■ **RECORD SET**
**********

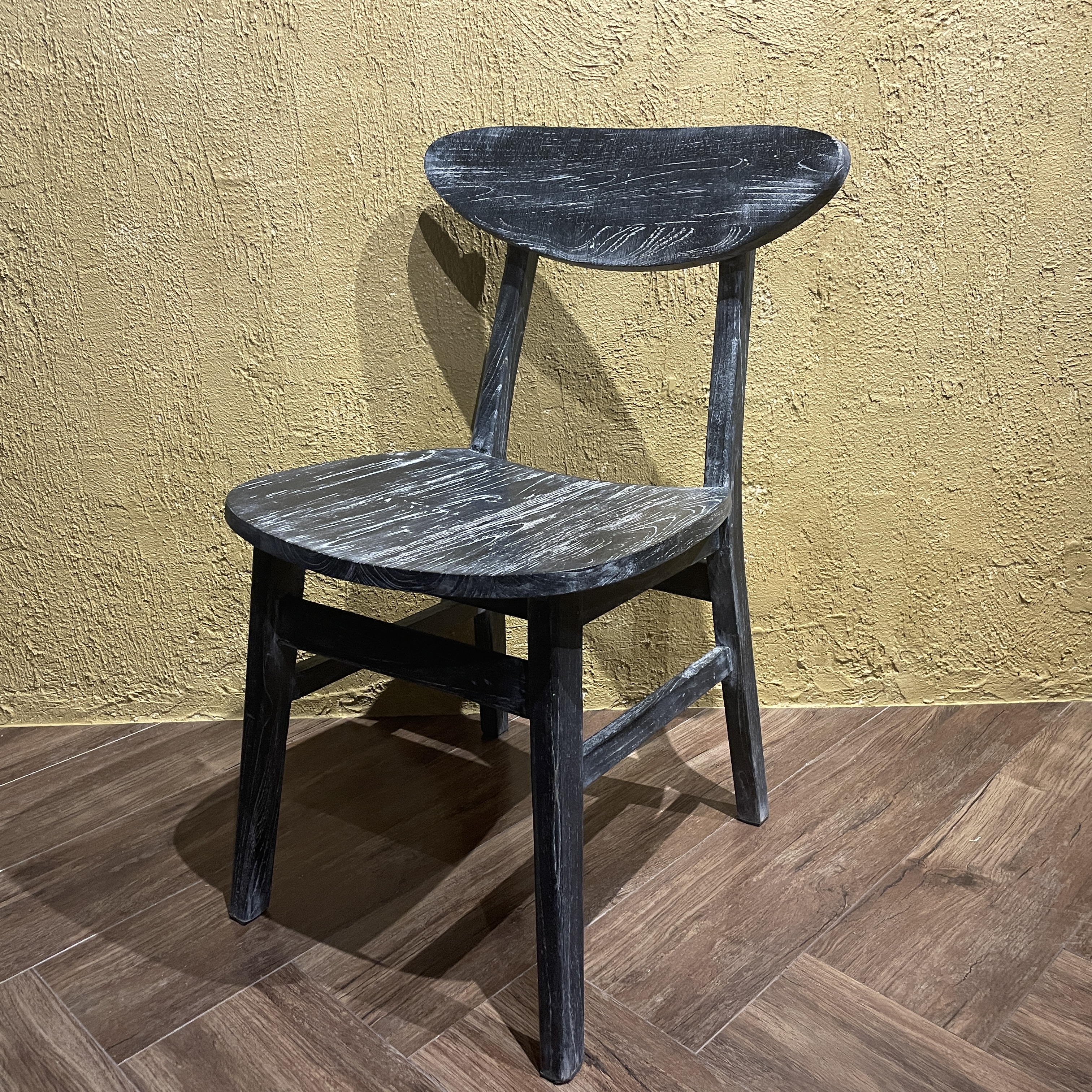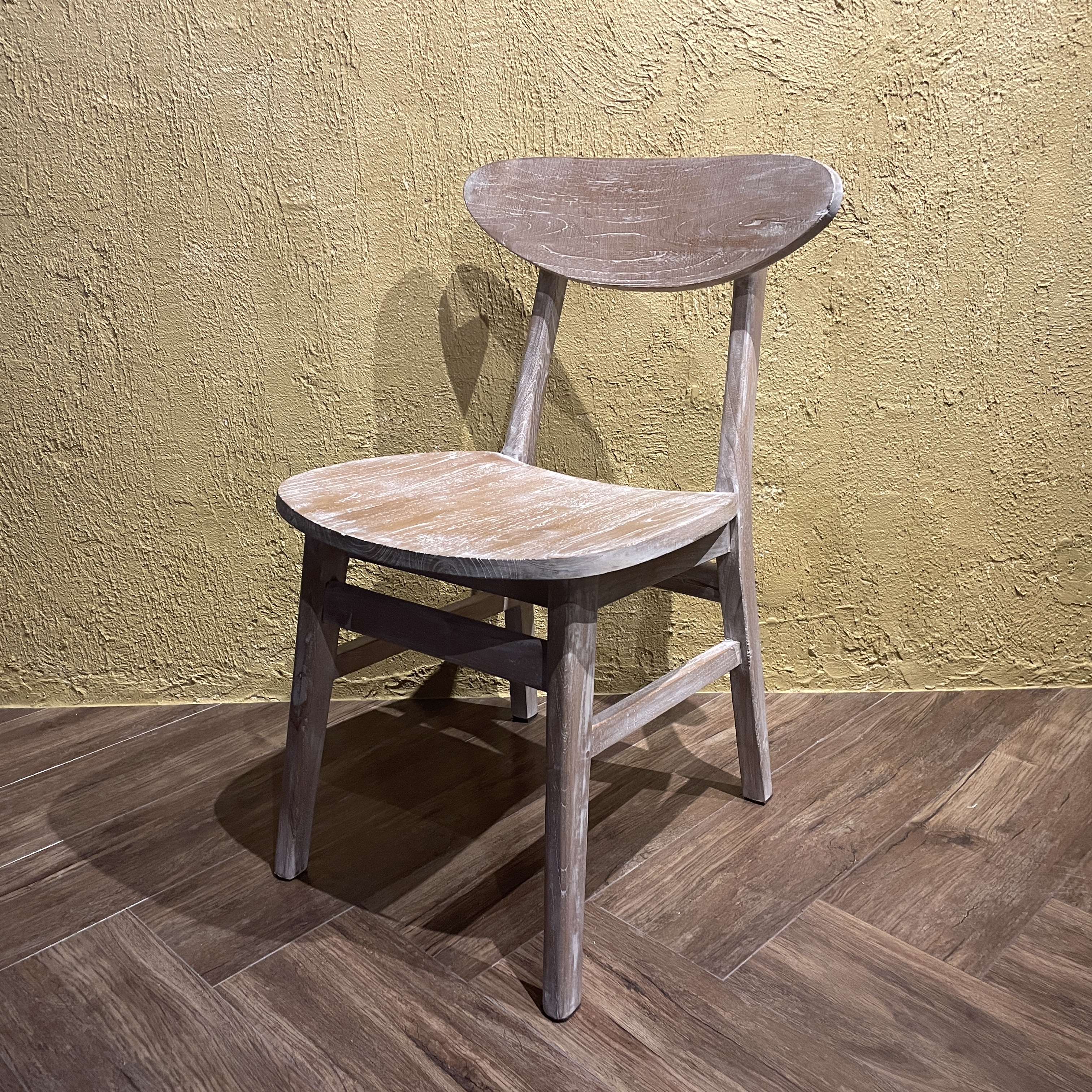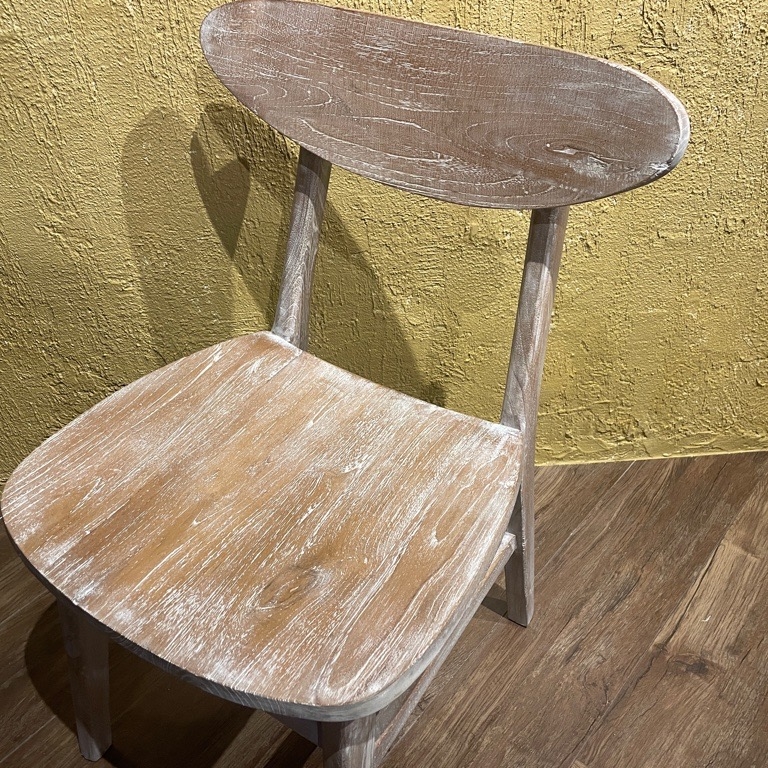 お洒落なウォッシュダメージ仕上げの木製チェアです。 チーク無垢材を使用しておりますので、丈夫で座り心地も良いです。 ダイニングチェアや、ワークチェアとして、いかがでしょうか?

**********

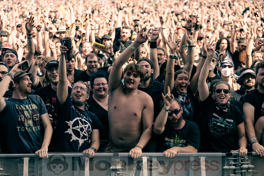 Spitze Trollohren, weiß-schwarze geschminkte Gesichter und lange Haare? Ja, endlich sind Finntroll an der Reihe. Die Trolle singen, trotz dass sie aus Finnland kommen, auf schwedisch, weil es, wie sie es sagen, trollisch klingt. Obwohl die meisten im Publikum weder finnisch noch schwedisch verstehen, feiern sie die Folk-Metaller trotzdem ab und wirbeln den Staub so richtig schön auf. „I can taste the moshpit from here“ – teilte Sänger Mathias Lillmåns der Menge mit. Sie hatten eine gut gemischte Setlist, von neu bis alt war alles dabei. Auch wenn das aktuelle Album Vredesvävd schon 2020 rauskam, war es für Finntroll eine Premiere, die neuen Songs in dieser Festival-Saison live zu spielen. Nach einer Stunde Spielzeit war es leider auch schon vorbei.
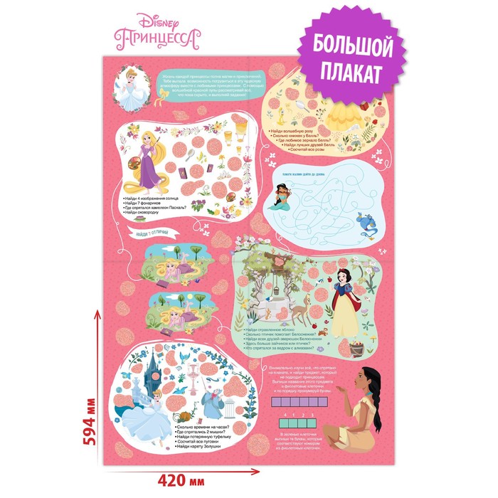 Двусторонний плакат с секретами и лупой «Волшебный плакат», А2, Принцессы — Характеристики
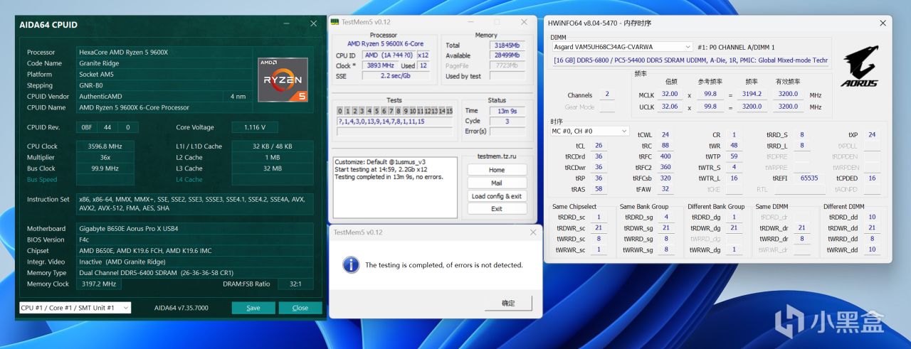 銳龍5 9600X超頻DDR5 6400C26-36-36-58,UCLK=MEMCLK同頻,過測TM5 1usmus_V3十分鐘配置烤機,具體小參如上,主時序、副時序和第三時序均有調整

**********

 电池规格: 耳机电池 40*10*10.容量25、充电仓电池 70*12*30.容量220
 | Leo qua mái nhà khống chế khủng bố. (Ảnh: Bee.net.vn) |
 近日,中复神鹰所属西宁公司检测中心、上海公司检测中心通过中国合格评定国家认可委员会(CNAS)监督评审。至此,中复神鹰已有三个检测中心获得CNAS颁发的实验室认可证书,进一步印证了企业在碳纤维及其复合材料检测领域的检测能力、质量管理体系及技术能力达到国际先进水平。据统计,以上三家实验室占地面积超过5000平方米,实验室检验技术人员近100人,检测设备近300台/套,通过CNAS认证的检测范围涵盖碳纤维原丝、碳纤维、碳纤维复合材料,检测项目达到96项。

**********

■ **WHAT TO WORK ON**
Where the listing above has a line with "(Ảnh: Bee.net.vn) |", start there, and output every line exactly through the line with "近日,中复神鹰所属西宁公司检", which is also included.

■ **RESULT OF THIS EXERCISE**
 | Leo qua mái nhà khống chế khủng bố. (Ảnh: Bee.net.vn) |
 近日,中复神鹰所属西宁公司检测中心、上海公司检测中心通过中国合格评定国家认可委员会(CNAS)监督评审。至此,中复神鹰已有三个检测中心获得CNAS颁发的实验室认可证书,进一步印证了企业在碳纤维及其复合材料检测领域的检测能力、质量管理体系及技术能力达到国际先进水平。据统计,以上三家实验室占地面积超过5000平方米,实验室检验技术人员近100人,检测设备近300台/套,通过CNAS认证的检测范围涵盖碳纤维原丝、碳纤维、碳纤维复合材料,检测项目达到96项。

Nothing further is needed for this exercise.